As the other states may also share the common concern, he requested the centre to consider funding the project during the gap period for at least three years.
Deputy Chief Minister Tripura and Minister in charge of Power, Jishnu Dev Varma in his message expressed concern about the recent notification of the Central Electricity Regulatory Commission (CERC). He said the recovery of Inter-State Transmission charges methodology on Point of Connection (PoC) mechanism will put an additional financial burden on the state and that the matter needs to be reviewed for the interest of the region as a whole.
He also stressed on the need for developing skilled manpower in the region along with the capacity building.
Advisor, Power and Hydropower of Arunachal Pradesh, Balo Raja, also urged the Ministry of Power, to change the funding pattern under the Power System Development Fund (PSDF) from 50:50 ratio to 100%.
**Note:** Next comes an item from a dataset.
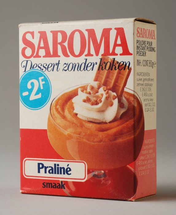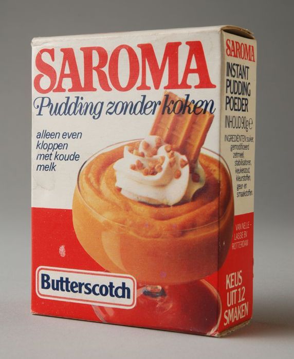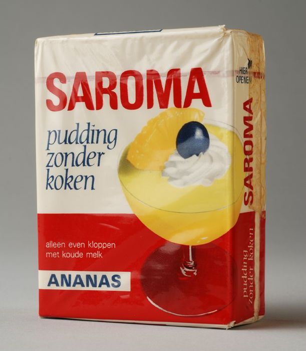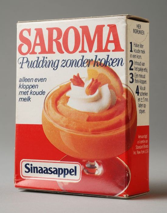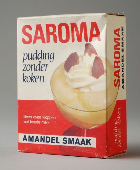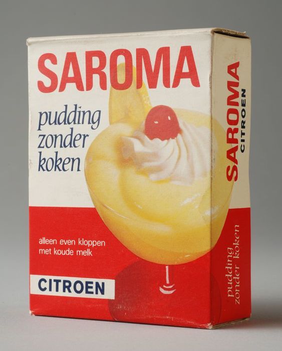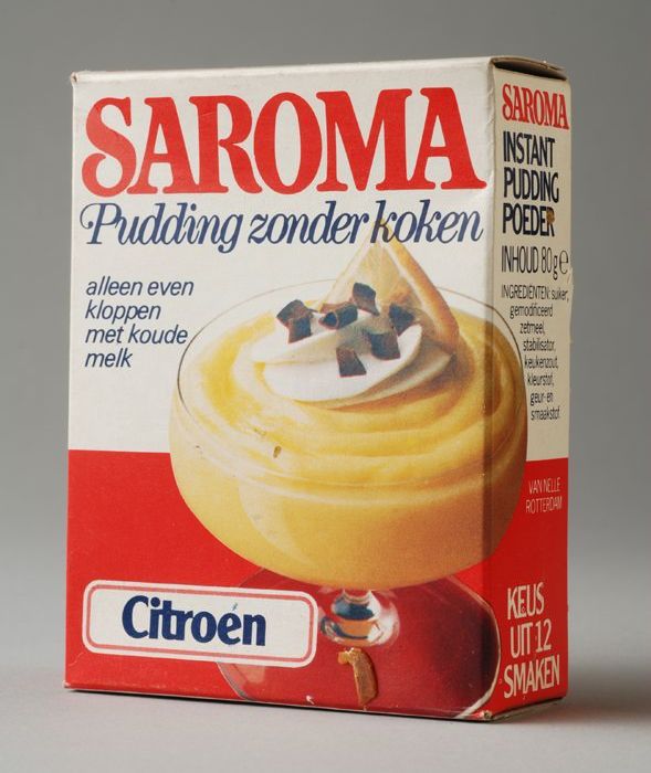 Wit, kartonnen pak SAROMA pudding zonder koken, sina...

He said that Arunachal Pradesh is unable to install Optical Fibre Ground Wire (OPGW) over the existing transmission system under PDSF funding. He informed that the department of Power in the state has a DPR of about Rs 33 crore pending with the ministry for which only 50% is admissible as per the present norms.
Regarding the Tawang-Bhutan International connectivity, he said that the proposed 132 KV transmission line from Khuppi to Tawang would become a long radial line terminating in the district. “Such a long radial line is a huge concern from the point of reliability causing serious operational challenges and issues,” he added.